To investigate if a chronic intestinal nematode infection can alter the outcome of S. mansoni infection in vivo, we infected female AKR mice (10 to 20 per group) with 150 embryonated T. muris eggs by oral gavage. Forty days later, the mice were infected with 50 S. mansoni cercariae percutaneously. Age-matched control animals receiving single infections were infected in parallel for each experiment. Four and 7 weeks post-S. mansoni infection, the animals were sacrificed and the livers were perfused to obtain S. mansoni worm counts. The results in Fig. 1A show that mice with a preexisting T. muris infection had significantly higher S. mansoni worm burdens than mice infected with only S. mansoni at both 4 and 7 weeks post-S. mansoni infection (P < 0.05 at both time points).
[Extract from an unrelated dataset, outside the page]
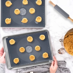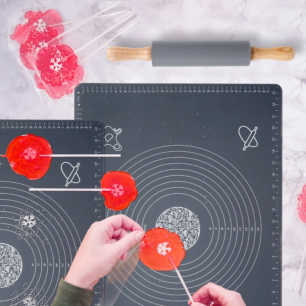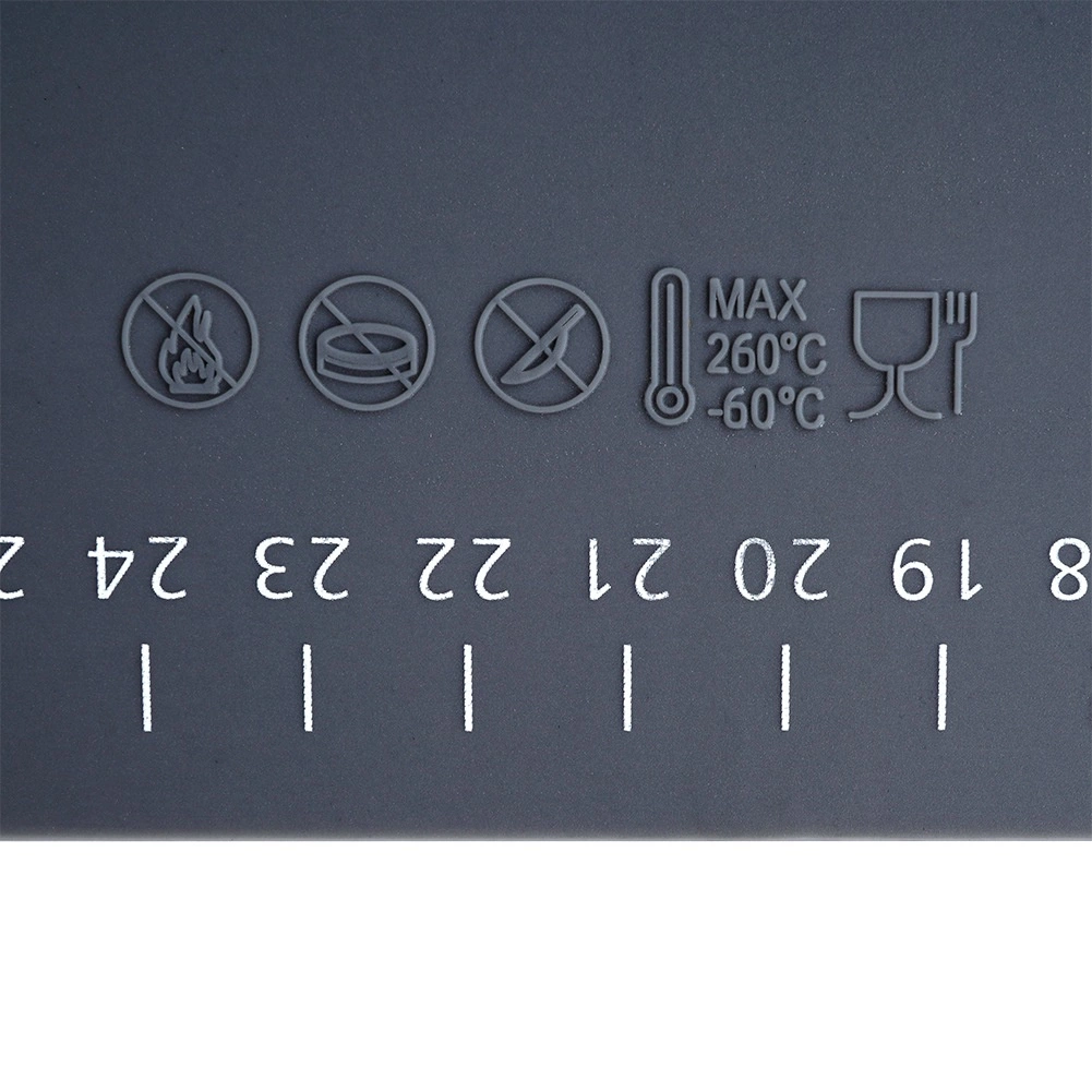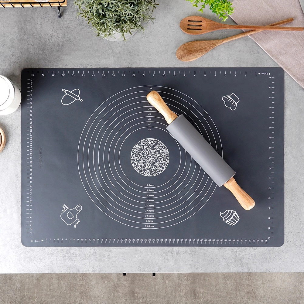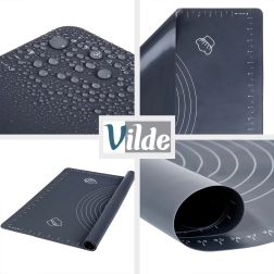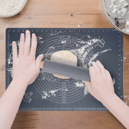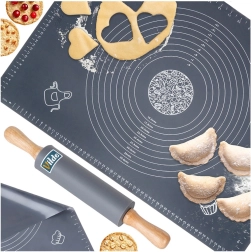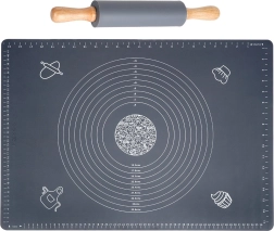 See universaalne kvaliteetsest silikoonist komplekt elegantses hallis toonis sobib suurepäraselt pirukate, pitsa, küpsiste, pasta ja pelmeenide taina ettevalmistamiseks. Alus on mittekleepuv ja libisemiskindel, püsib kindlalt tööpinnal ning tainas ei kleepu. Lihtne hooldada, ei ima lõhnu ja kuivab kiiresti.

The T. muris worm burdens were not affected by S. mansoni infection (Fig. 1E).

FIG. 1. — *Schistosoma mansoni* (Sm) worm burden (A), total egg burden in the liver (B), *S. mansoni* female fecundity (C), mean liver granuloma diameter (D), and *T. muris* (Tm) worm burden during *T. muris*-*S. mansoni* coinfection. AKR mice were infected orally with 150 *T. muris* eggs, percutaneously with 50 *S. mansoni* cercariae, or both. *S. mansoni* infection was started 40 days after *T. muris* infection. Worm burdens were analyzed 4 and 7 weeks post-*S. mansoni* infection, and liver pathology was analyzed 7 weeks post-*S. mansoni* infection. Means and standard errors are shown. Data were pooled from three separate experiments. *, statistically significant difference between groups of mice (P < 0.05).
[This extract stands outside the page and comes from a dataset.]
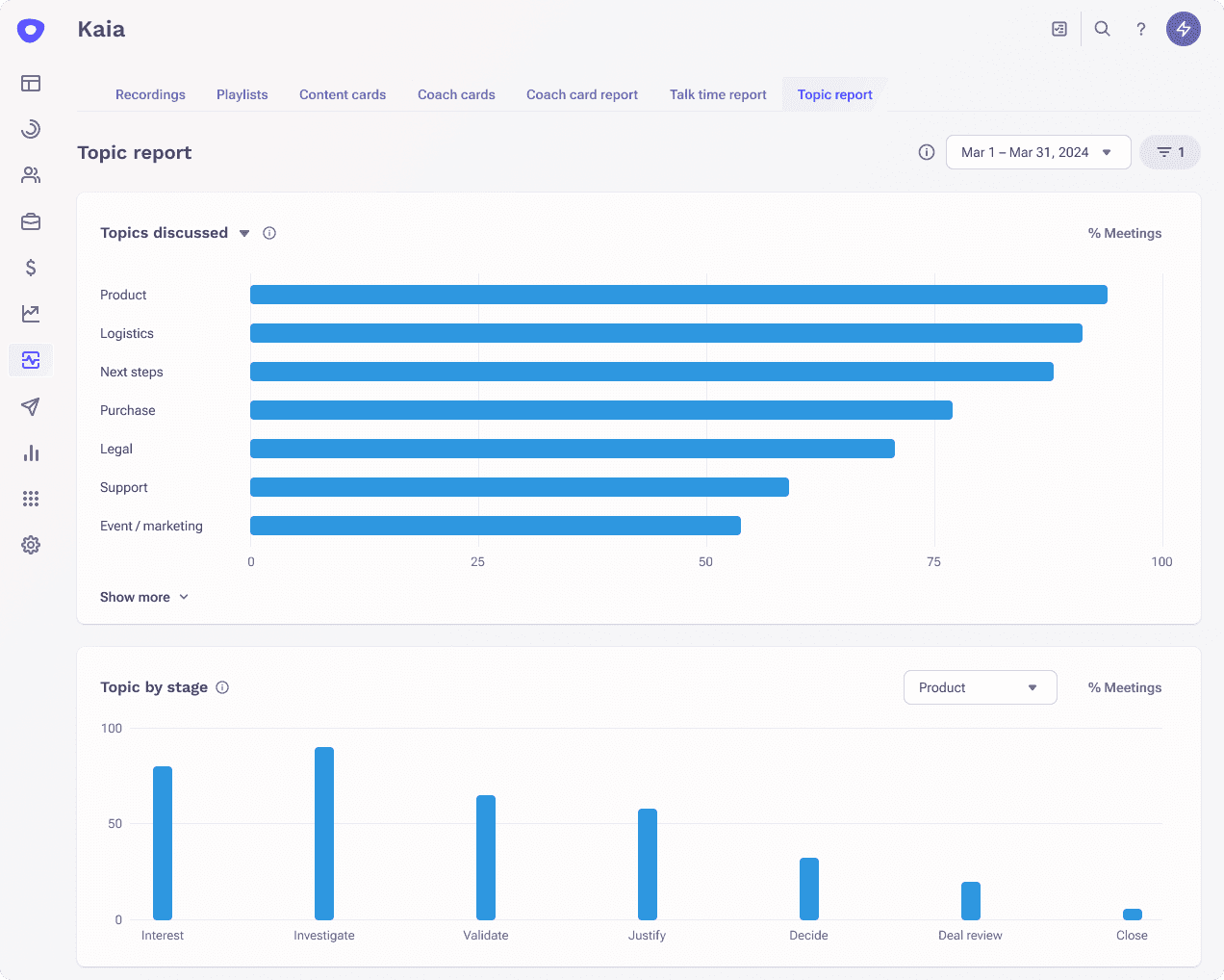 Understand what topics are coming up with buyers across sales stages and identify where reps have been successful to replicate across the team.

Increased liver egg burden in coinfected mice.

Analysis of the S. mansoni liver egg burdens in singly infected and coinfected mice 7 weeks post-S. mansoni infection revealed that the higher number of adult schistosomes found in T. muris-coinfected animals was reflected in a significant increase in the total number of S. mansoni eggs in the liver (Fig. 1B). When the egg output per female worm was calculated, the data show that the fecundities of female schistosomes were comparable between the two groups, confirming that the egg output is directly correlated to the number of worms (Fig. 1C). Furthermore, the mean diameters of liver granulomas were similar between the two groups (Fig. 1D).

Concurrent S. mansoni infection modulates the cytokine response to T. muris antigen in the spleen but not in local lymph nodes.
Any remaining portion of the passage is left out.